Anwesha Sharma Enh22035
Anwesha Sharma Enh22035
(UNIVERSITY OF DELHI)
ASSIGNMENT
MODERN EUROPEAN DRAMA
NAME- ANWESHA
SHARMA ROLL NO.-
ENH22035 SEMESTER-
6
COURSE- BA. HONS ENGLISH
QUESTION 1- Critically analyze Chaplain and Yvette in Mother Courage and
Her Children.
ANSWER- Bertolt Brecht’s Mother Courage and Her Children is a landmark of epic
theatre that powerfully critiques war, capitalism, and human behavior. Two of the most
significant secondary characters in the play, the Chaplain and Yvette, play vital roles in
deepening its themes and messages. Each represents different ways individuals attempt to
survive in the chaos of war. The Chaplain, a former religious figure stripped of his clerical
role, becomes a symbol of the Church’s moral collapse during wartime. Yvette, a camp
prostitute, represents the commodification of love and the harsh reality faced by women in
a society dominated by war and commerce. Together, they reflect how people are shaped
—and often compromised—by the circumstances of conflict.
The Chaplain, who is never given a personal name, has lost his religious authority due to
the war and now travels alongside Mother Courage, offering practical help in return for
food and shelter. Rather than being a moral guide, he uses religious language to justify
violence and self-interest. His sermons, instead of offering comfort or critique, validate
war as part of divine will, exposing Brecht’s criticism of how religion can be used to
manipulate and control. The Chaplain’s behavior is marked by opportunism; he shifts his
views and alliances based on what benefits him at the moment. Although he occasionally
expresses disapproval of Mother Courage’s war profiteering, he quickly adapts to her way
of life when it proves convenient. This inconsistency reveals his lack of true conviction
and aligns with Brecht’s Marxist critique of institutions that serve power rather than
people.
Despite his religious background, the Chaplain lacks real moral strength. His dependence
on Mother Courage and his unfulfilled romantic interest in her underscore his
vulnerability. While he longs for emotional connection, she remains focused on survival
and commerce. His passivity and emotional neediness contrast with her resilience and
pragmatism, reinforcing the image of religion as ineffective in addressing real-world
suffering. The Chaplain ultimately becomes a figure of irrelevance—clinging to outdated
beliefs while the world around him is dictated by profit and survival.
Yvette Pottier, by contrast, approaches survival from a more transactional angle. She first
appears as a lively, seductive woman who sings the “Fraternization Song,” a tune that
superficially celebrates love but is steeped in irony and bitterness. Her experiences have
taught her that relationships, particularly in times of war, are not about emotion but about
economic necessity. She uses her appearance and charm to get by, fully aware that love
and affection are luxuries few can afford. Through her, Brecht illustrates how deeply
human connection has been devalued in a world shaped by capitalism and conflict.

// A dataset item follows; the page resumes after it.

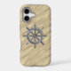 A modern nautical silver chrome like applique style on a sandy beach decor for a custom phone case everyone on, or off the boat will enjoy.

Later in the play, Yvette reemerges as a wealthy woman, having married a colonel. Her
transformation symbolizes the rewards that come from surrendering personal autonomy
for financial gain. Though now dressed in fine clothes and enjoying a higher status, she
has not found genuine fulfillment. Instead, her new role underscores the cost of survival
for women in a patriarchal, war-driven society. Her success feels hollow, built on a
system that objectifies her and strips her of agency. Brecht uses her journey to critique
how society forces women to commodify themselves just to survive.
The relationship between Yvette and Mother Courage is also telling. Although both are
women trying to endure the brutality of war, they do so in different ways. Mother
Courage profits from selling goods to soldiers, while Yvette uses her body as a means of
survival.
Despite Courage’s judgmental attitude toward Yvette’s lifestyle, the two are more similar
than different. Courage is quick to condemn Yvette’s choices, yet fails to see how her
own actions are equally driven by self-interest. Yvette thus acts as a reflection of
Courage’s own compromises and the hypocrisy embedded in her belief that she can stay
morally clean while benefiting from war.
Chaplain and Yvette also serve as contrasts to one another. The Chaplain represents the
spiritual or ideological dimension, albeit a corrupted one, while Yvette embodies the
physical and material aspects of wartime life. While Chaplain clings to outdated beliefs
and talks of divine purpose, Yvette deals in immediate, bodily reality. Both have been cast
adrift by the war, and both find ways to adapt—one through rhetoric and dependency, the
other through calculated decisions and self-presentation. Their differing paths highlight
Brecht’s view that war forces people into roles that distort their values and identities.
Neither is portrayed as purely good or bad; rather, they illustrate the murky choices
people must make in extreme circumstances.
The play also uses these characters to explore gender in wartime. Although the Chaplain
is a man with a once-respected position, he is portrayed as weak and ineffective. Yvette,
a marginalized woman, is shown to be more resourceful and in control of her destiny.
This reversal challenges traditional gender norms, highlighting Brecht’s political intent to
disrupt societal assumptions. Importantly, Brecht does not ask the audience to sympathize
with these characters blindly. His use of the alienation effect encourages viewers to
observe them critically, recognizing the systems that shape their choices.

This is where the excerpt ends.